18. My favorite aunt is: I don't have a favorite, they are all wonderful.

19. I have a hard time understanding: Why Kevin does not love shopping for shoes.

20. One time at a family gathering: My brother threw me in the pool.

21. You know I like you if: I joke with you.

22. If I won an award, the first person I'd thank: My agent. (he-he)

23. Take my advice: Don't ever use a phillips screwdriver to get the jammed paper out of a printer.

24. My ideal breakfast is: Cooked by my mother.

25. If you visit my home town: You will see the pizza parlor that I was a waitress in. I hated working there and made my dad go in to quit the job for me. I totally love him for doing that!

26. Sometime soon I plan to visit: My parents.

27. If you spend the night at my house: You will hear Joe yelling, "You're dwiving me cwazy, Jer-O-mEEEEEE!"

28. I'd stop my wedding if: The groom didn't show up.

29. The world could do without: Bill Clinton.

30. I'd rather lick the belly of a cockroach than: Be forced to wear brown shoes with a black belt.

31. The most recent thing I've bought myself is: A mirror.

32. The most recent thing someone else bought for me is: Kevin bought me milk. You envy the excitement of my life, don't you.

33. My favorite red head is: I don't have one.

34. My favorite brunette is: My sister.

35. My car must have a sign on it that reads: Get out of the left lane, Bonehead!

36. The last time I was drunk: Was a long time ago.

37. The animals I would like to see flying besides birds: Donkeys. Specifically out of someone's butt.

38. I shouldn't have been: So mean to that girl in grade school.

39. I should have: Worn my capris last night to church.

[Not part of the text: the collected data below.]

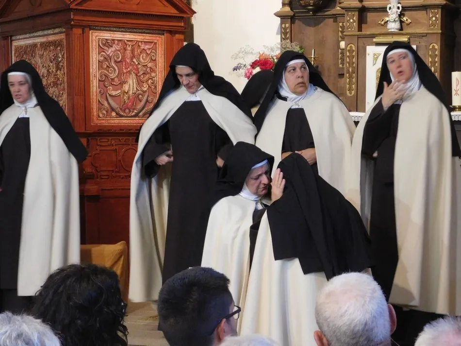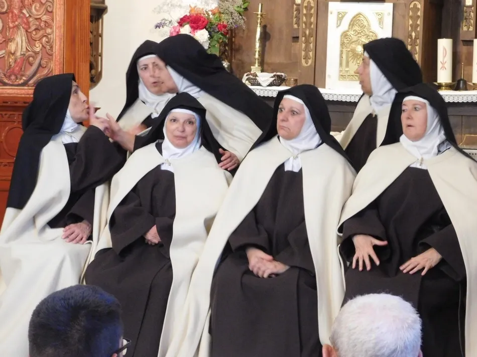 Una vez más fue san Pedro Apóstol, regente de la parroquia de Puebla de san Medel, el que utilizara sus famosas llaves para que unas cansadas hermanas carmelitas llegaran hasta el altar que se iba a convertir en el escenario perfecto en que nos hablan de la vida de su madre, de sus enseñanzas, de la obviedad de sus actos, además de divertirse con sus bellos poemas, leer sus cartas y relatar los avatares de sus fundaciones, mientras una voz masculina desde lo alto de un púlpito pide explicaciones ante tanto atrevimiento. Y así un público admirado que enseguida se ha situado con los personajes en Alba de Tormes, va conociendo que se está hablando de tan sólo una mujer, de seductora inteligencia, lúcida humildad y resistente paciencia, que bajo el hábito de lana de oveja que visten también sus hermanas fue libre y no le importó ni el frío ni el calor, ni las amenazas humanas. Claro ejemplo de ello son las espontáneas palabras de unas monjas que hablan del rey y el Inquisidor General del reino con la misma gracia con la que los trataba su madre.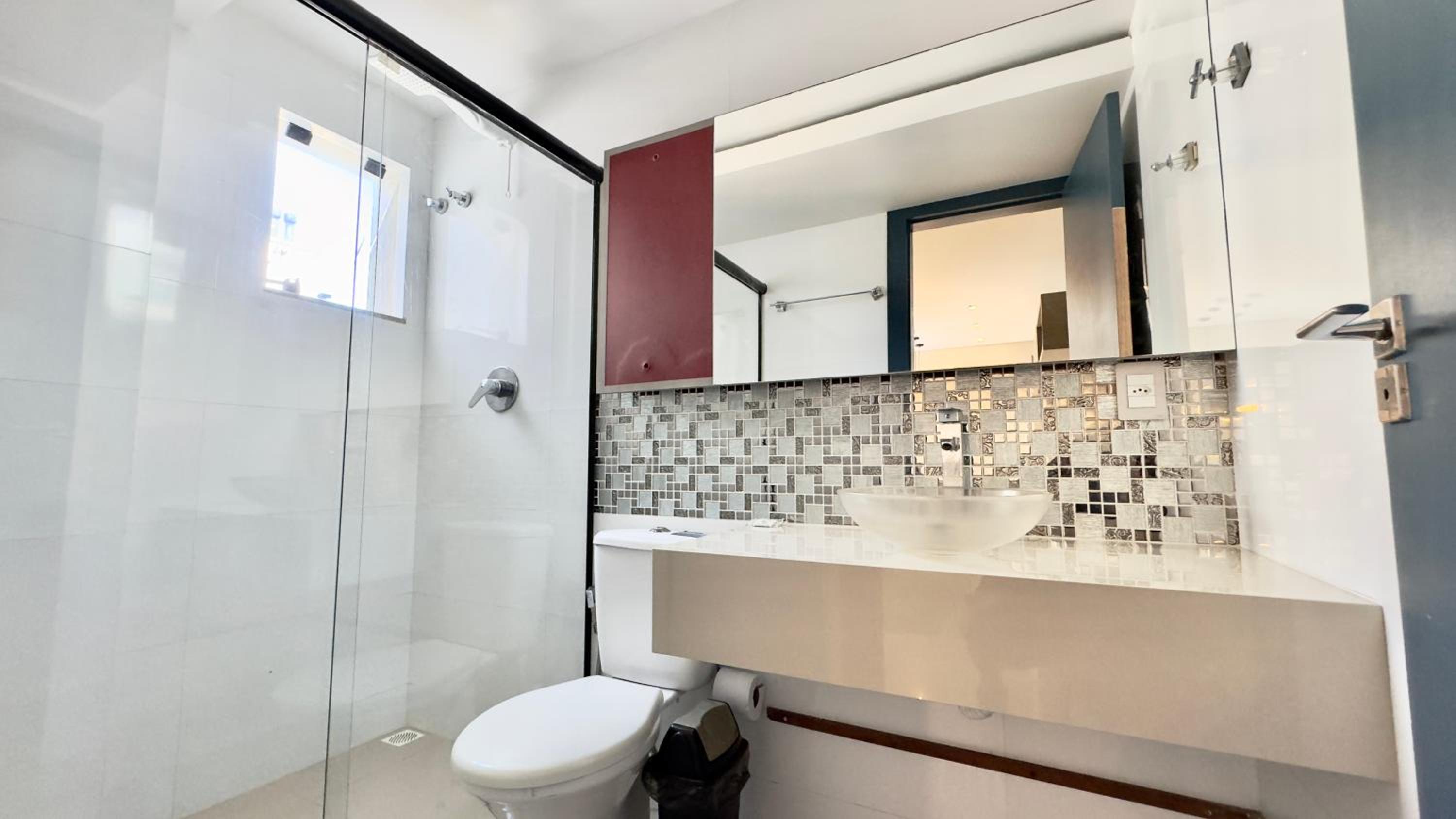 Falta de manutenção na unidade, a cortina estava saindo dos trilhos, louça quebrada e desgastada, piscina suja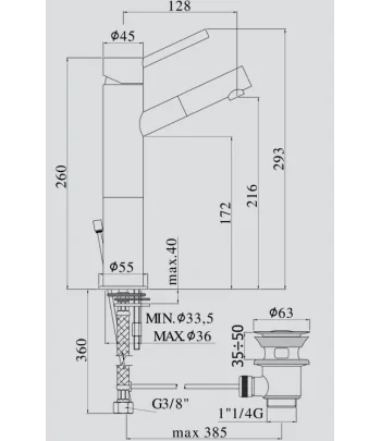 Miscelatore lavabo con piletta regolabile con tappo a scatto e flex inox di alimentazione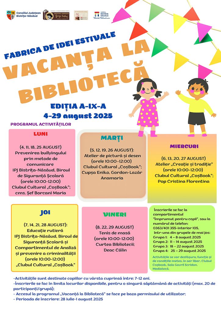 Biblioteca Județeană ”George Coșbuc” Bistrița-Năsăud organizează, în perioada 4-29 august, cea de-a IX-a ediție a ”Fabricii de Idei Estivale – Vacanța la Bibliotecă”. Perioada de înscriere: 28 iulie – 1 august.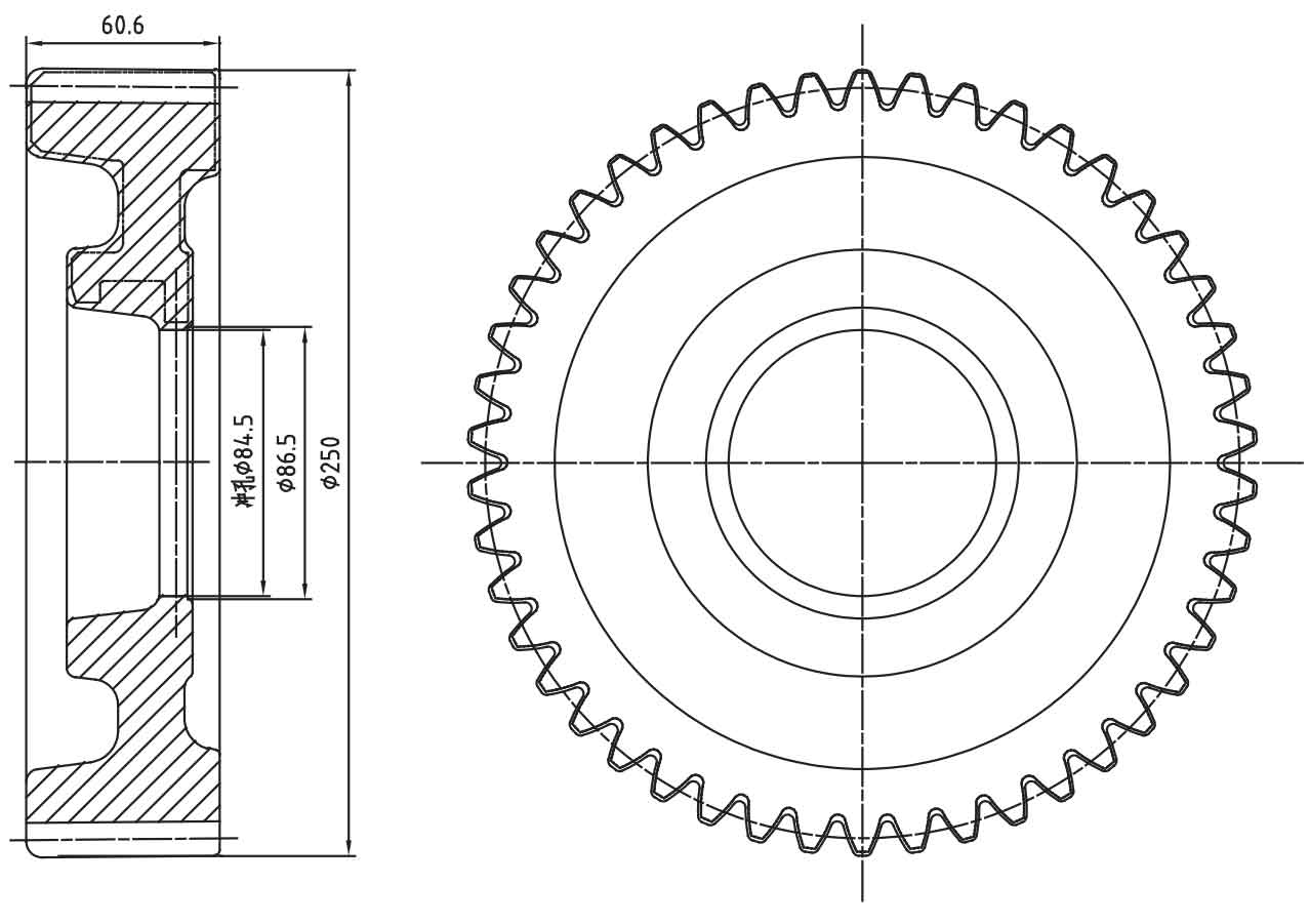 As can be seen from the above part drawing, the maximum outer circle of this part is φ 248mm, tooth width of 58mm, modulus of 5.22mm and number of teeth of 46. It is a typical large specification and large modulus spur gear part. In order to ensure the yield, the tooth part is designed with a margin of 1mm on one side and 1.3mm on the other side. At the same time, considering the die out problem, the die out angle at the outer circle is 0.5 °, and the straight tooth cylindrical gear forging is shown in Fig. 2.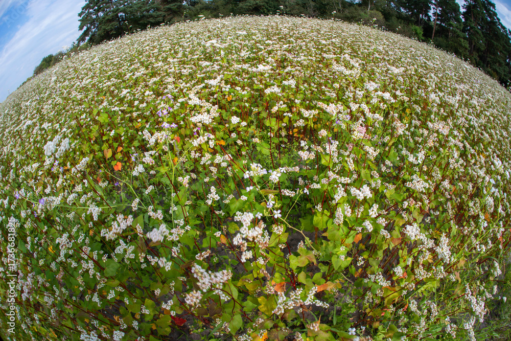 Blooming buckwheat field with fisheye lens effect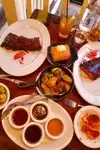 We picked Chicago Q because of the set traditional turkey and trimmings Thanksgiving meal. Being for overseas we wanted to experience a traditional meal. We were disappointed. The turkey was so melt in your melt and delicious, and usually I don't get excited by turkey. The Brussel Sprouts which I usually don't eat were very tasty. Everything was a bit sweet, but I figure that would be traditional for Americans. I really enjoyed my whole meal. It was finished odd with of course Pumpkin pie which was nice. The meal was huge and filled me up. The service was a bit over attentive and kept trying to take my plate away before I was done. However for $41 I thought it was good. They perhaps could include a glass of wine or champagne for that price with it.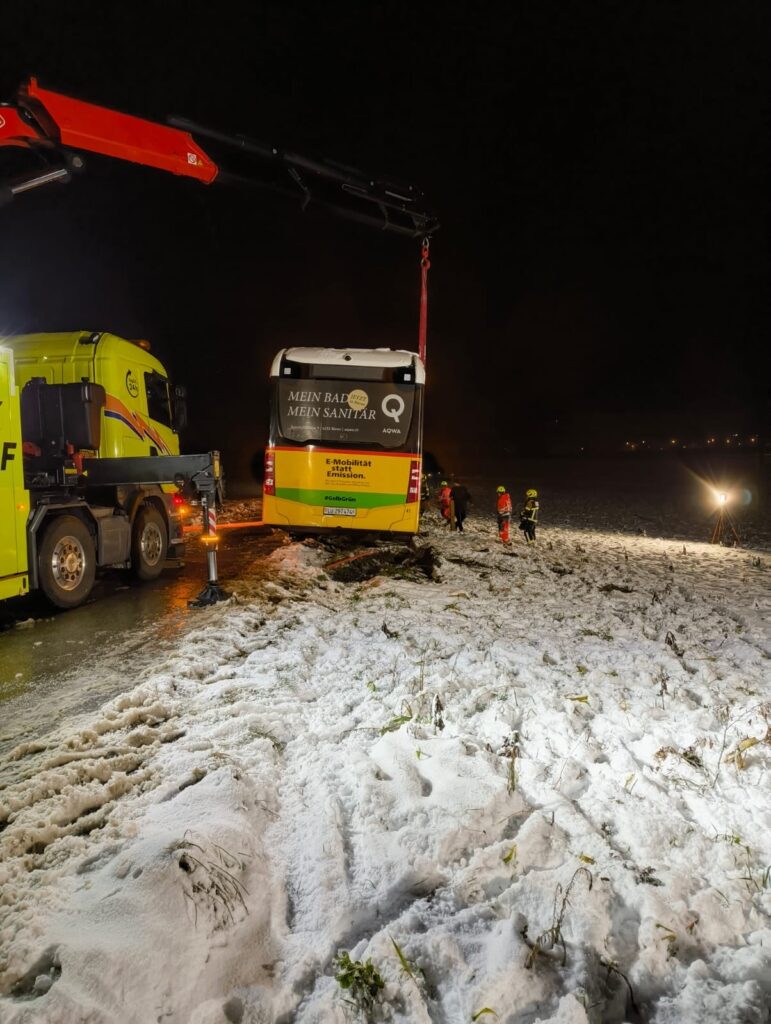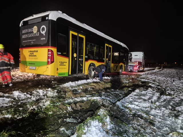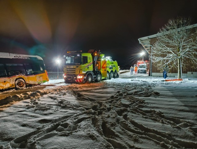 Aufgrund des intensiven Schneefalls rutschte auf der Höhe Scheune Sonnenhof ein Postauto von der Strasse und strandete im Graben. Die FW Knutwil-Mauensee wurde aufgeboten um die Strasse zu sichern und zu sperren, die Unfallstelle auszuleuchten sowie die Bergungsarbeiten zu unterstützen. Für die Bergung musste ein externes Unternehmen mit schwerem Gerät aufgeboten werden sowie zusätzlich ein Traktor eines eines anwesenden AdF’s. Da sich die Bergung und das zurückstellen auf die Strasse herausfordernd gestaltete, dauerte die gesamte Aktion fast 6 Stunden. Verletzt wurde niemand, der Bus kam mit ein paar Kratzern davon und konnte die Heimfahrt auf eigenen Rädern fortsetzen. Im Einsatz standen 6 AdF’s der FW, ein externes Abschleppunternehmen sowie ein Patrouille der Polizei.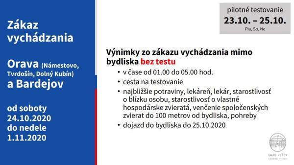 A.1. podľa čl. 5 ods. 3 písm. g) ústavného zákona č. 227/2002 Z. z. o bezpečnosti štátu v čase vojny, vojnového stavu, výnimočného stavu a núdzového stavu v znení neskorších predpisov v územných obvodoch okresov Námestovo, Tvrdošín, Dolný Kubín a Bardejov slobodu pohybu a pobytu zákazom vychádzania od 24. októbra 2020 do 1. novembra 2020 v čase od 05.00 hod. do 01.00 hod. nasledujúceho dňa, toto obmedzenie sa nevzťahuje na:
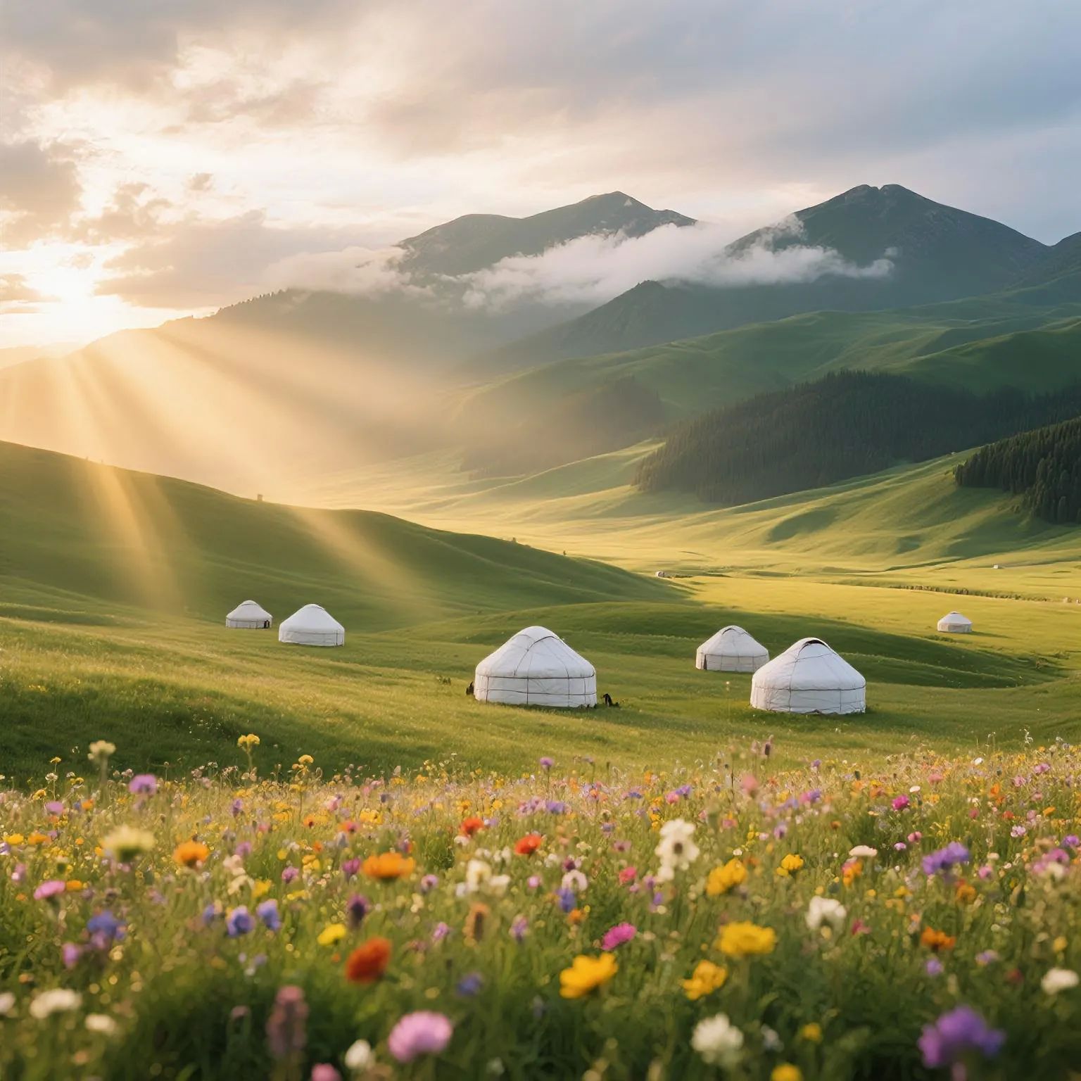 - 玩法:在雪山下的草原扎营,夜晚银河触手可及;租马骑行穿越花海,感受哈萨克牧民生活。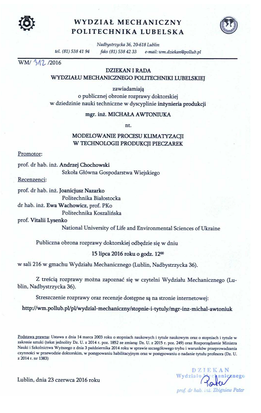 15 липня 2016 р. у стінах Люблінської політехніки (Польща) відбувся публічний захист докторської дисертації Міхала Автонюка «Моделювання процесів кліматизації в технології виробництва грибів» (науковий керівник професор, завідувач кафедри Варшавського університету наук про життя Анджей Хоховські, який активно бере участь у програмі подвійних дипломів, що діє між SGGW і НУБіП України).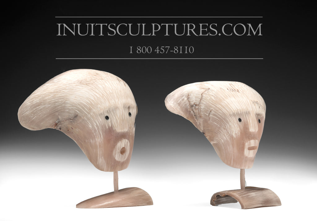 Buddy gently interrogates the muskox horn into two charming visages.  One is smiling,. The other is contemplative.
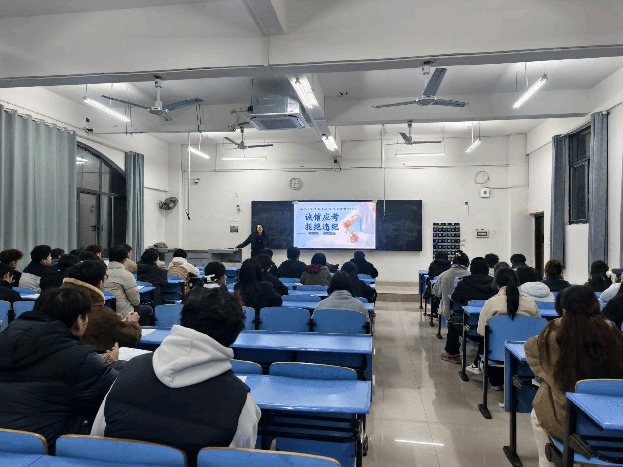 会上,相关负责老师围绕四大核心板块展开详细讲解与提醒。在考风考纪板块,明确考场基本规则,强调诚信考试的重要意义,引导学生树立“诚信应考、杜绝舞弊”的理念;在违纪处分板块,结合学校相关规章制度,详细解读各类考试违纪作弊行为的具体情形及对应处分措施,用真实案例敲响警钟,让学生深刻认识到违纪作弊的严重后果;在考前备考板块,针对补缓考备考特点,为学生提供科学的备考建议,鼓励学生合理安排时间、查漏补缺,以良好状态应对考试;在注意事项板块,重点强调考试时间、入场要求、证件携带、答题规范等细节,确保学生全面掌握考试相关要求,避免因疏忽影响考试。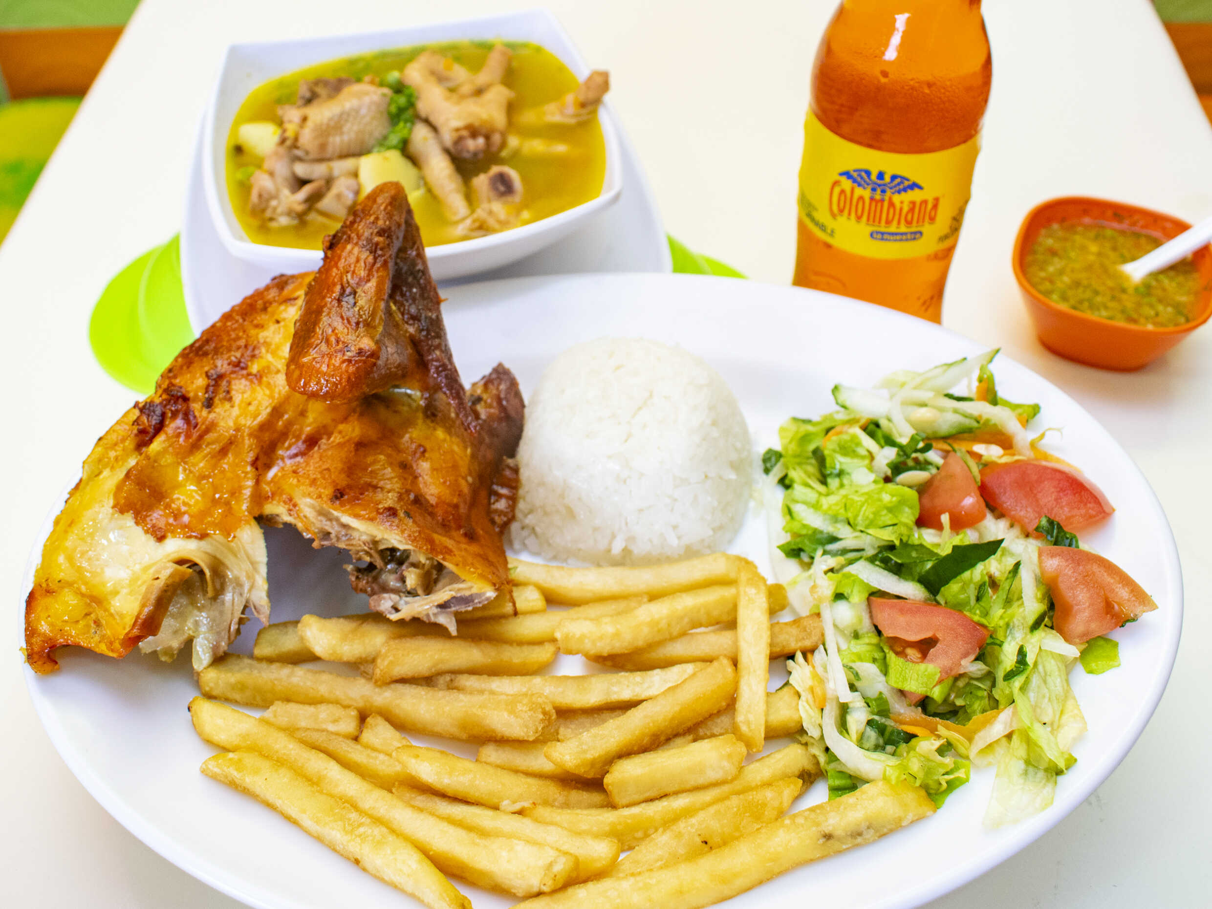 1 Pollo y medio, papa salada, plátano, arepa y gaseosa 1.5 L.
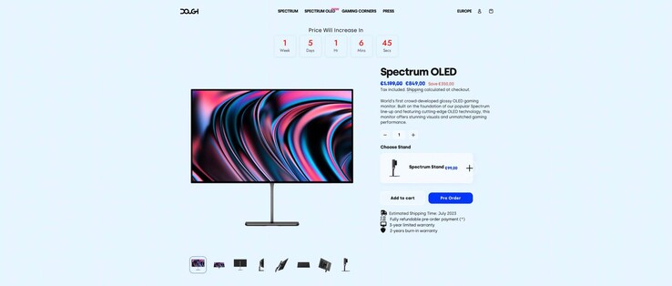 Der Dough Spectrum Gaming-Monitor kann ab sofort über die Webseite des Herstellers vorbestellt werden. Der Hersteller veranschlagt derzeit einen Preis von 849 Euro inklusive Mehrwertsteuer, plus 99 Euro für den Standfuß, wobei der Monitor dank VESA-Halterung auch mit Drittanbieter-Standfüßen verwendet werden kann. Später soll der Preis auf 1.199 Euro steigen.

40. Last night I: Watched Project Runway and yelled at the television.

41. There's this girl I know who: Cracks her knuckles and it sends shivers down my spine everytime I hear it.

42: I don't know: The names of all of our presidents. Shameful, right?

43. A better name for me would be: Your Highness.

44. If I ever go back to school: It will be to learn how to do contemporary dancing.

45. How many days until my birthday? In 2 days I will be 35.

46. One dead celebrity I wish I'd met is: Ronald Reagan.

47. I've lived at my current address since: March 2006.

48. I've been told I look like: My mother.

49. If I could have any car, it would be: My current vehicle, a Red Chevy Tahoe. It was an anniversary gift from my husband.

50. If I got a new cat tomorrow, I would name it: Go away, cat. I can't stand cats.

Look to the finish!

6 comments:

Donna Boucher said...

Brown shoes with a black belt....my, that says a lot about you....Your Highness.

Anonymous said...

I must say your cockroach licking standards are fairly low. And did you have anyone specific in mind for the flying donkeys?

Jersey Girl said...

I will be making you breakfast soon, Your Highness.

Love you

Staci Eastin said...

I pretty sure, due to an unexpected weight gain, I once wore a brown belt with black shoes. Can we still be friends?

Needleroozer said...

Too funny Laney!
I will try to sneak a few minutes to do mine this afternoon. Right now, I need to get school going- guess that means going into ds's room with a pitcher of cold water!
LB

Anonymous said...

Okay, I posted mine. And the questions are harder than they look!